1. Avoid scanning todo directory for new email. qmail-queue has the
information of a new email. Can this be transmitted to qmail-send
efficiently without the need for scanning todo directory?
2. Send multiple emails using as few connections as possible for remote
deliveries rather a making new connection for every email to be
delivered to remote hosts. This will be my next project and I
think this will be challenging because too much to deal with tcp/ip
sockets, timeouts, handling reconnection and stuff. Not sure I will
succeed, but I will give it a try.
Eliminating lock/trigger mechanism.
In my experience I have found this to be costly in a very high injection
environment. Recently I have done lot of tests and high injection rates
always has a drastic impact on the qtime value (see zoverall script
from qmailanalog). However with the current hardwares, I haven't
encountered the Silly Qmail Syndrome which was often seen in the
hardware of the 90s.
So I thought of a way to do away with the lock/trigger mechanism and
henceavoid the need of scanning the todo directory for newly injected
mails byusing POSIX message queues in qmail-queue to communicate
with qmail-send.
To achieve this qmail-queue was re-written to use POSIX message queues and
POSIX shared memory to communicate with qmail-send. Here qmail-queue simply
communicates the inode number of the new message to qmail-send and
qmail-send classifies it as local or remote for delivery. The entire todo
scan using opendir(), readdir() is avoided. Additionally, qmail-send was
modified to write the current local and remote concurrency to shared
memory. This enabled a separate process to look at the shared memory
segment and dynamically increase the queue count based on the incoming
injection rate. Having the current concurrency also enables to look at the
queue without having to scan the queue directories (mess, local, remote
and todo). Just by setting the environment variable DYNAMIC_QUEUE to 1
enables point 1 and 2. Initially, this method gave worse performance than
the lock/trigger method, but after ironing out the issues with using IPC,
I'm getting at least 40% improvement. To measure the performance a script
using qmailanalog was written which could fire multiple processes to
inject mail using qmail-inject. I tested various distributions netqmail,
notqmail, s/qmail, indimail-mta, netqmail with exttodo patch. In this
process, I discovered that it is a huge benefit to have a separate processor
for todo directory. netqmail with exttodo patch, s/qmail and indimail-mta
benefits a lot in managing a very low qtime. However the biggest impact on
delivery rate is from the fsync() calls made in qmail-queue.c, qmail-send.c,
qmail-local.c. In tests conducted, fsync made deliveries 8x slower. So if
you have a stable power supply and an OS like Linux (which I haven't seen
crashing for more than 10 years and counting), one can disable fsync.

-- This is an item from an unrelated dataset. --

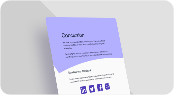 Conclusion We hope you enjoyed, and got value from, our inbound marketing playbook. We’d like to thank all our contributors for sharing their knowledge. Our final tip for inbound marketing is always test and optimise. Track everything you do, study the results, and make adjustments as necessary. Send us your feedback Do you have any comments/feedback about this playbook? Be sure to connect with us on our social media - we’d love to hear from you! Contact Cognism today Cognism can help you solve a variety of marketing challenges. Our accurate, compliant and intelligent B2B data can be used to: • Identify new audiences. • Run data-driven campaigns. • Boost email deliverability. • Increase audience match rates. The Inbound Marketing Playbook / 83
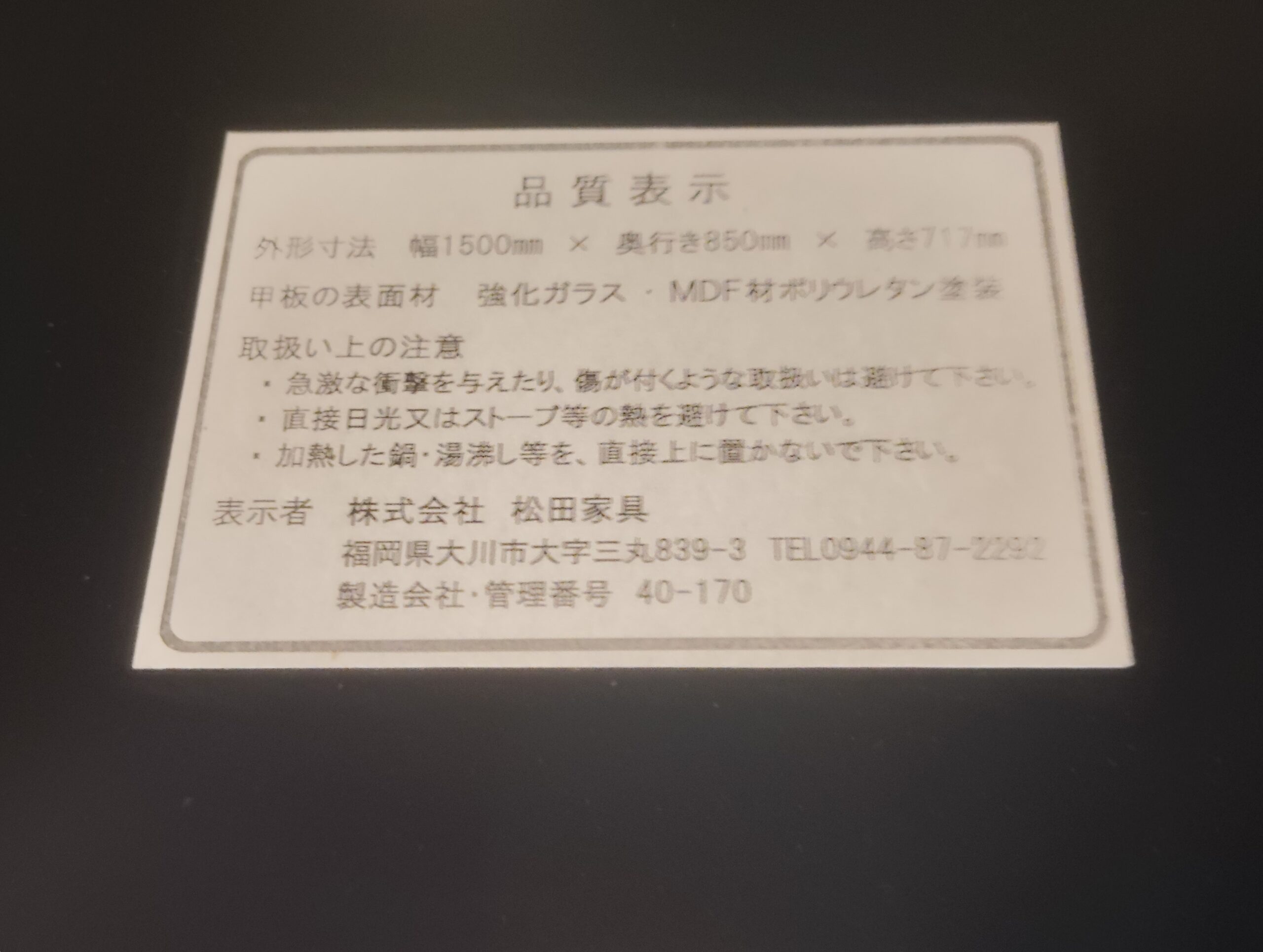 サイズ:W1500×D850×H720(㎜)

Having the local and concurrency in shared memory also allows to have a
tmux script named 'qtop' which displays the local and remote concurrency
for each queue in top window and qmail-send logs in the bottom window. This
is done without using disk IO to list files in todo, local, remote subdirs. In
contrast, using qmail-qread drastically reduces injection and delivery
rates when injecting emails at a high rate.
There are few other things that this release achieves
1 dynamically Increase the number of queues based on the injection
rate.
2 Rate limit remote deliveries. This used to be the biggest challenge for
me when dealing with high volume delivery to sites like yahoo, aol and
roadrunner.
3 A much smaller MTA, just one binary that would handle both local, remote
delivery for small board computers. A downside is that it doesn't have the
trust partitioning that having different processes to handle different jobs.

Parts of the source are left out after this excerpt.